Je me souviens, peu de temps avant la pandémie, à l’hiver 2019, je suis allé comme tous les deux ans sur un salon qui s’appelle Milipol, un grand salon de l’armement qui se tient au parc des expositions de Villepinte, où vous pouvez acheter des chars d’assaut et vous avez des flics en civil qui posent une RTT, qui viennent essayer des gros flingues et puis vous avez tout un tas de sociétés qui vendent des technologies de surveillance en tout genre, etc. Ce qui m’avait frappé c’était que fin 2019, ce qu’on voyait vraiment partout, sur tous les stands, c’était la safe city, c’était la ville sûre. La ville sûre après des années où on a eu le paradigme de la smart city, la ville intelligente où on va rationaliser les transports, on va faire des économies d’énergie, on va fluidifier la circulation des individus, etc., qui étaient un peu des villes idéales comme ça, des monades. Ça a été complètement remplacé par l’idée ou l’idéologie de la safe city qui est finalement la même chose mais avec un gros vernis sécuritaire où vous avez des capteurs, des caméras, etc., qui vont permettre de contrôler un espace urbain qui est un espace urbain qui est forcément peu sûr. Quand vous écoutez, par exemple, des industriels de Thalès, pour citer une grande entreprise française, ils vous expliquent le devenir urbain : vous allez avoir une partie exponentielle de la population qui va vivre dans des villes, vous aurez 75 % de la population mondiale qui vivra dans des villes, donc, dans ces conditions-là, les villes vont être peu sûres, donc on aura besoin de technologie pour amener la police à l’intérieur de la polis on va dire.
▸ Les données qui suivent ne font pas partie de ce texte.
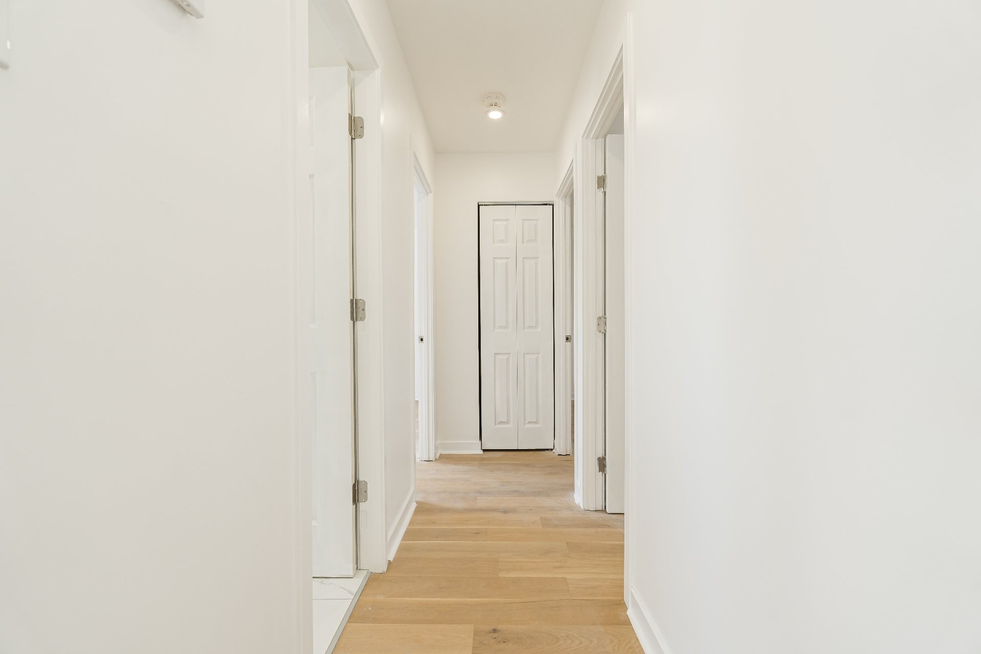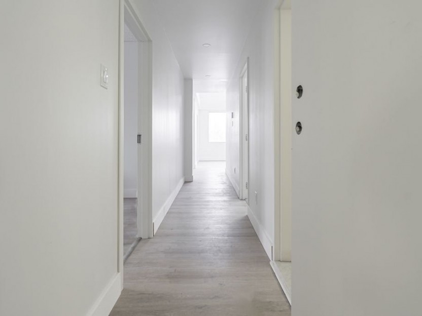 * Nouveau revêtement de sol, plancher de bois ingénieur au rez-de-chaussée, vinyle au sous-sol

On voyait déjà cette idée-là qui infusait et maintenant qu’on est dans un environnement, en tout cas dans une longue séquence pandémique où on voit bien que la question de la circulation des individus est quand même une question qui occupe beaucoup la puissance publique que ce soit chez nous ou ailleurs, cette idéologie-là me semble sortir assez fortifiée de la crise sanitaire qu’on est en train de traverser. J’ai des exemples en tête qui sont des exemples très précis. Palantir [8] est une entreprise américaine qui a été créée en 2003 après les attentats du 11 septembre grâce au fond d’investissement de la CIA qui s’appelle In-Q-Tel, qui a été fondée avec une vraie optique de lutter contre le terrorisme, qui a travaillé très tôt avec les services de renseignement américain, les forces de police, qui travaille aussi avec la DGSI en France, le renseignement intérieur, depuis les attentats de 2015, qui travaille aussi beaucoup avec de grandes entreprises en France et à l’étranger que ce soit Airbus, de grandes banques, etc., pour optimiser leurs chaînes de montage, rationaliser les coûts. Palantir, qui a passé des années à perdre de l’argent, toujours un peu en perte, a augmenté son chiffre d’affaires de 35 % sur l’année 2020, a été introduite en bourse après des années de rumeurs et de bruissements qui annonçaient cette introduction et surtout a profité de la crise sanitaire pour mettre la main sur des marchés qui sont quand même des marchés assez cruciaux. En France on leur a fermé la porte au nez, ils ont approché l’AP-HP, l’Assistance publique – Hôpitaux de Paris, pour traiter les données hospitalières et on leur a dit « non merci », notamment parce que le contrat avec la DGSI ne satisfait pas tout le monde en France pour des questions de souveraineté. Ils sont allés toquer à la porte du Royaume-Uni et là le NHS, qui est le système de santé public britannique, leur a ouvert grand les portes. Ils ont signé un premier contrat à une livre symbolique, puis un autre contrat, deux mois plus tard, pour un million de livres et finalement, l’hiver dernier, ils ont signé un autre contrat pour 23 millions de livres. En fait, ils développent des outils qui vont permettre au NHS de mieux mesurer, on va dire, à la fois dans l’urgence les indicateurs hospitaliers, médicaux, etc., et demain d’utiliser les données de santé pour faire de l’innovation, etc.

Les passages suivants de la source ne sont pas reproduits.